▶ [GIVEN DATA]:

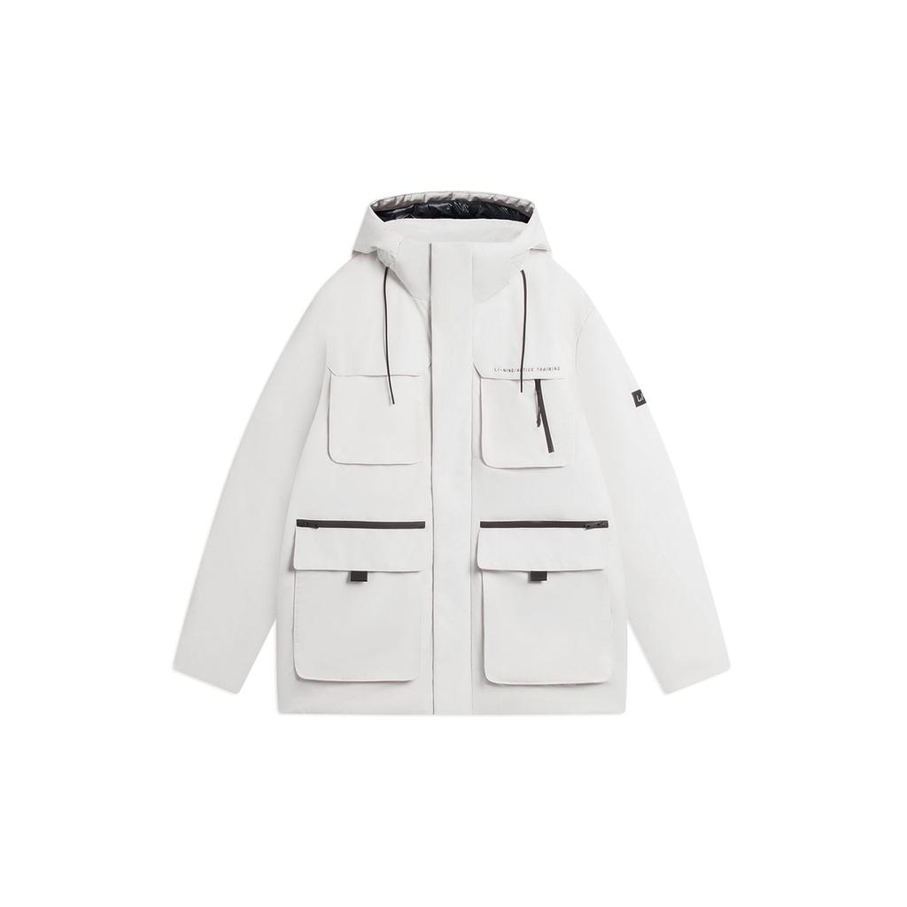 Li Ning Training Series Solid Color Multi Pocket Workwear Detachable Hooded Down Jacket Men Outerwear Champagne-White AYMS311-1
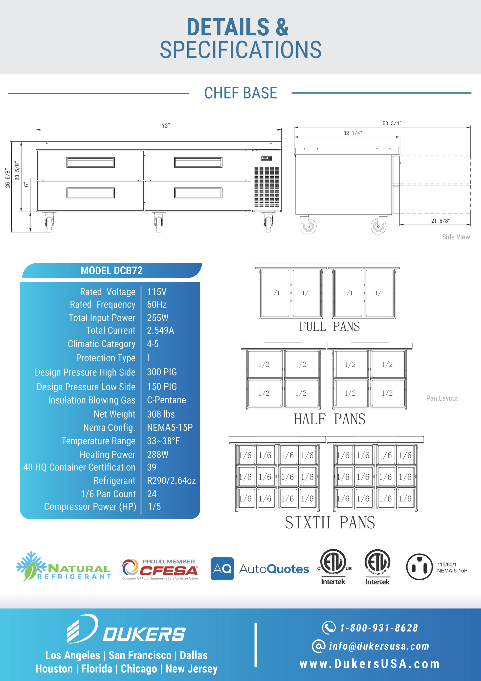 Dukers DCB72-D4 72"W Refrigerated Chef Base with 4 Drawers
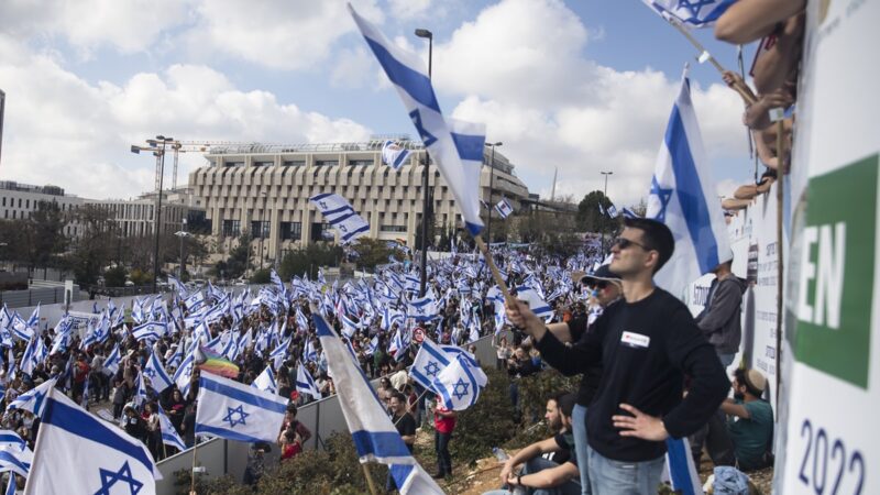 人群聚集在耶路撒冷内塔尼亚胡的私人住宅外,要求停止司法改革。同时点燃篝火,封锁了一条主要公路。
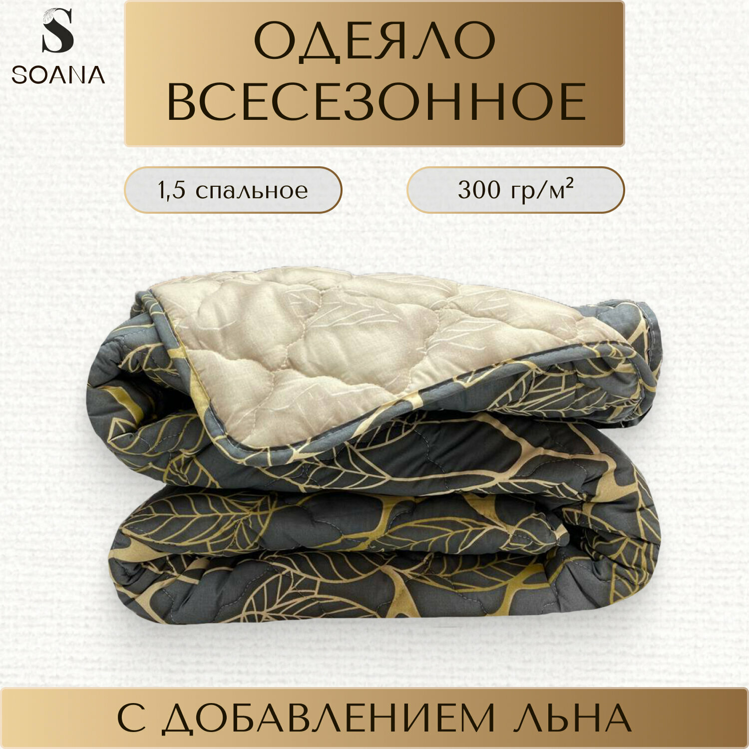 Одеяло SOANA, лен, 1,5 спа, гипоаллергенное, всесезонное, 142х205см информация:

==

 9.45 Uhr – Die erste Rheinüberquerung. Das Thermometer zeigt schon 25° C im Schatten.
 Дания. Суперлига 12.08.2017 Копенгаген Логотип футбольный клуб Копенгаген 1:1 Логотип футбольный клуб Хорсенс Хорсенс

* * *

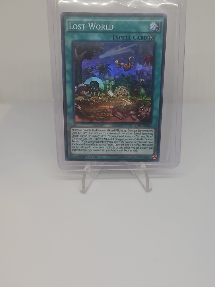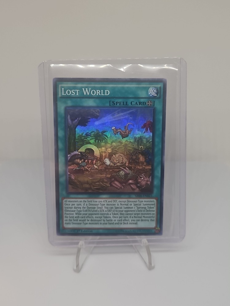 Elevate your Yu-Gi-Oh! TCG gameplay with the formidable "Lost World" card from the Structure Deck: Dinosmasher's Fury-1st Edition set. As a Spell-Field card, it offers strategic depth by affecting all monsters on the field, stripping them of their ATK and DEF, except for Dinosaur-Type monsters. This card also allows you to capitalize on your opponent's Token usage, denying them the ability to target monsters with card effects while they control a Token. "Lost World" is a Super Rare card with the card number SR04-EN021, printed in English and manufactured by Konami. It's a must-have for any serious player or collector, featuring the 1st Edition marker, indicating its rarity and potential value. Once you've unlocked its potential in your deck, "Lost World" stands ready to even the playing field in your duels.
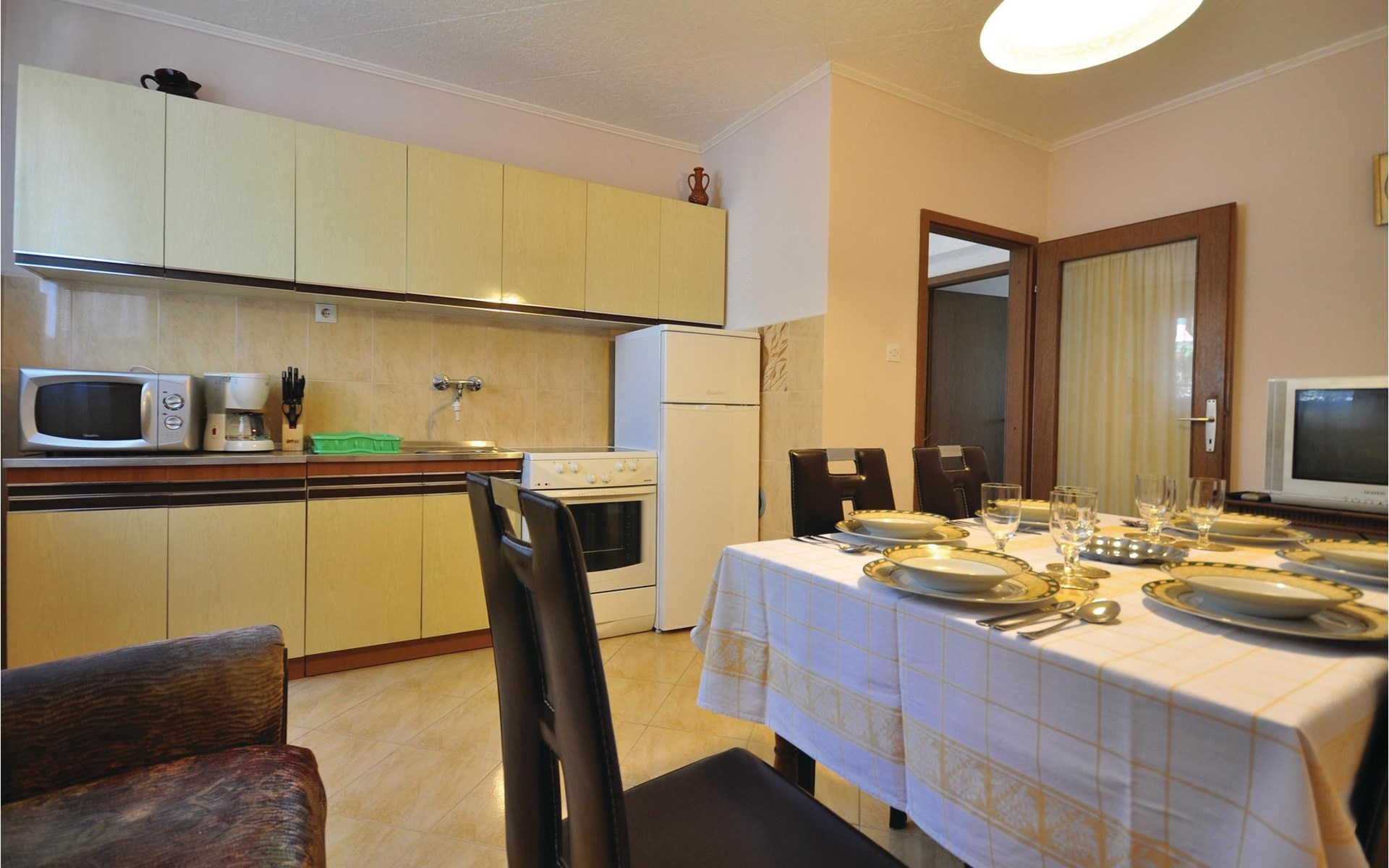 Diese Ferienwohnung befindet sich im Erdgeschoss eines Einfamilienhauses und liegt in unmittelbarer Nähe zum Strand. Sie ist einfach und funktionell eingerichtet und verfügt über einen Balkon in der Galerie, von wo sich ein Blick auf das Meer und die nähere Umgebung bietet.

▶ [EXERCISE GOAL]:
Each line from the one that contains "with 4 Drawers" down to the one that contains "Одеяло SOANA, лен, 1,5" is to be returned exactly as it stands above, both ends included, with pictures removed.

▶ [WRITTEN ANSWER]:
 Dukers DCB72-D4 72"W Refrigerated Chef Base with 4 Drawers
 人群聚集在耶路撒冷内塔尼亚胡的私人住宅外,要求停止司法改革。同时点燃篝火,封锁了一条主要公路。
 Одеяло SOANA, лен, 1,5 спа, гипоаллергенное, всесезонное, 142х205см информация:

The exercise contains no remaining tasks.